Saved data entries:
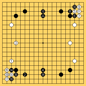 形勢はどうか?上辺の黒地は少なく見積もって40目。左辺の白地は多く見積もっても30目と言うところかな?下辺と右辺も同じ形なので現在は黒が20目リードしていると言う訳。 |
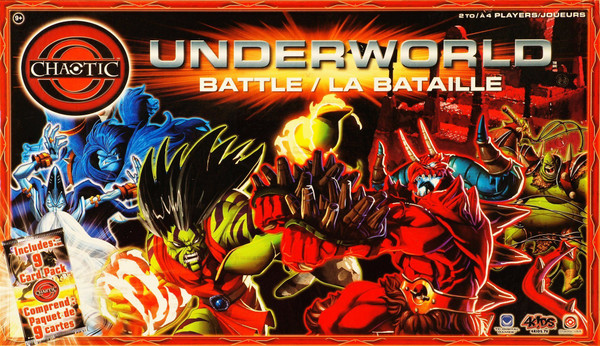 Set in the Chaotic universe and packed with 25 miniatures and 3D components, Underworld Battle has the players taking the role of OverWorld heroes fighting monsters as they advancing through the UnderWorld City Battle Arena. The game ends in a climatic battle against Chaor, the Underworld's ruler.
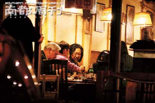 4月5日,話劇《暗戀桃花源》在保利劇院的最后一場(chǎng)演出結(jié)束后,導(dǎo)演賴聲川、主演黃磊孫莉夫婦和何炅、喻恩泰等一行人來(lái)到了簋街附近的一家火鍋店消夜,席間氣氛非常熱烈。記者看到在當(dāng)天的飯席上除了孫莉和另一位女演員外,還有一位氣質(zhì)不俗、妝容精致的中年女性坐在賴聲川的身旁,酒席上的明星大腕們對(duì)這位女性看上去非常尊重,每當(dāng)她講話時(shí),眾人都認(rèn)真傾聽(tīng),不住點(diǎn)頭,顯示出她在“桃花源”劇組中的分量不輕。后來(lái)記者得知當(dāng)天那位儀表端莊文雅的女性正是賴聲川甘居幕后的妻子丁乃竺。怪不得當(dāng)天晚上,黃磊等大腕們對(duì)那位女性恭敬有加,原來(lái)是“老板娘”親自來(lái)慰問(wèn)勞軍了。也許因?yàn)樘吲d,兩次出門(mén)接打電話的何炅手舞足蹈,肩斜腰軟,舉止活像搞怪的小姑娘。再加上他穿著粉紅色連帽衫,背著黑色時(shí)髦大包,還真容易誤認(rèn)為是女孩兒。
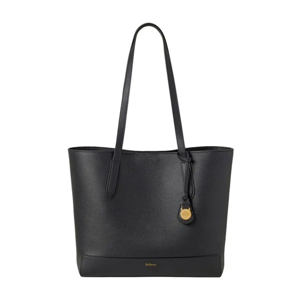 Mulberry Shopper Tote er en minimalistisk, slidstærk lædertaske designet til hverdagsbrug. Dens øst-vest silhuet og rummelige hovedrum gør den praktisk til arbejde og daglige fornødenheder. Vigtige egenskaber: Sort | Læder | Slidstærk konstruktion | Konvertibel top-hank eller skulderbæring | To læderhanke | Magnetlukning | En indvendig lynlåslomme | Hovedrum egnet til de fleste laptops | Minimalistisk øst-vest silhuet | Foliepræget Mulberry signatur | Hængende Mulberry Tree medallion | Mulberry Tree foring | Messing hardware | Dimensioner og pasform: Højde: 28 cm | Bredde: 31 cm – 42 cm | Dybde: 11 cm | Hank fald: 29.5 cm | Kan bæres i hånden eller over skulderen | Hovedrum passer til de fleste laptops | Sammensætning og pleje: 100% Læder
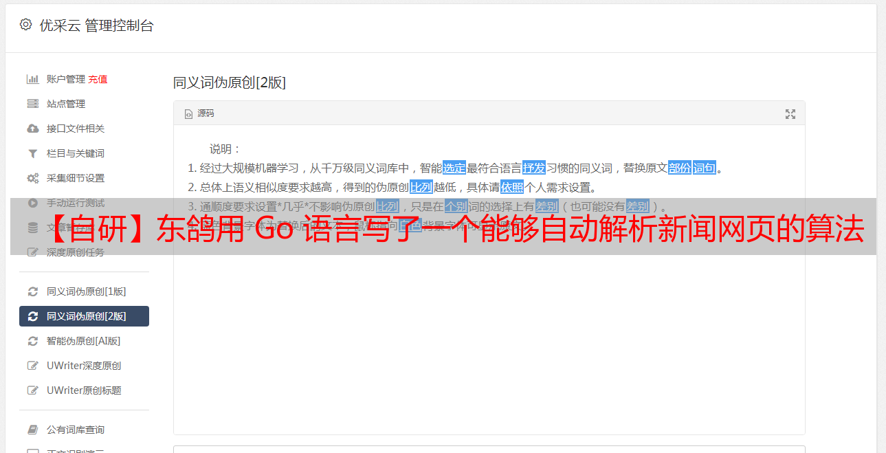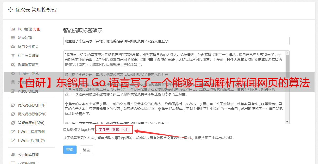 优采云 发布时间: 2022-06-19 01:34【自研】东鸽用 Go 语言写了一个能够自动解析新闻网页的算法

▶ _Task description_:
Please give the data again unaltered, leaving out any images.

▶ _Your response_:
 形勢はどうか?上辺の黒地は少なく見積もって40目。左辺の白地は多く見積もっても30目と言うところかな?下辺と右辺も同じ形なので現在は黒が20目リードしていると言う訳。 |
 Set in the Chaotic universe and packed with 25 miniatures and 3D components, Underworld Battle has the players taking the role of OverWorld heroes fighting monsters as they advancing through the UnderWorld City Battle Arena. The game ends in a climatic battle against Chaor, the Underworld's ruler.
 4月5日,話劇《暗戀桃花源》在保利劇院的最后一場(chǎng)演出結(jié)束后,導(dǎo)演賴聲川、主演黃磊孫莉夫婦和何炅、喻恩泰等一行人來(lái)到了簋街附近的一家火鍋店消夜,席間氣氛非常熱烈。記者看到在當(dāng)天的飯席上除了孫莉和另一位女演員外,還有一位氣質(zhì)不俗、妝容精致的中年女性坐在賴聲川的身旁,酒席上的明星大腕們對(duì)這位女性看上去非常尊重,每當(dāng)她講話時(shí),眾人都認(rèn)真傾聽(tīng),不住點(diǎn)頭,顯示出她在“桃花源”劇組中的分量不輕。后來(lái)記者得知當(dāng)天那位儀表端莊文雅的女性正是賴聲川甘居幕后的妻子丁乃竺。怪不得當(dāng)天晚上,黃磊等大腕們對(duì)那位女性恭敬有加,原來(lái)是“老板娘”親自來(lái)慰問(wèn)勞軍了。也許因?yàn)樘吲d,兩次出門(mén)接打電話的何炅手舞足蹈,肩斜腰軟,舉止活像搞怪的小姑娘。再加上他穿著粉紅色連帽衫,背著黑色時(shí)髦大包,還真容易誤認(rèn)為是女孩兒。
 Mulberry Shopper Tote er en minimalistisk, slidstærk lædertaske designet til hverdagsbrug. Dens øst-vest silhuet og rummelige hovedrum gør den praktisk til arbejde og daglige fornødenheder. Vigtige egenskaber: Sort | Læder | Slidstærk konstruktion | Konvertibel top-hank eller skulderbæring | To læderhanke | Magnetlukning | En indvendig lynlåslomme | Hovedrum egnet til de fleste laptops | Minimalistisk øst-vest silhuet | Foliepræget Mulberry signatur | Hængende Mulberry Tree medallion | Mulberry Tree foring | Messing hardware | Dimensioner og pasform: Højde: 28 cm | Bredde: 31 cm – 42 cm | Dybde: 11 cm | Hank fald: 29.5 cm | Kan bæres i hånden eller over skulderen | Hovedrum passer til de fleste laptops | Sammensætning og pleje: 100% Læder
 优采云 发布时间: 2022-06-19 01:34【自研】东鸽用 Go 语言写了一个能够自动解析新闻网页的算法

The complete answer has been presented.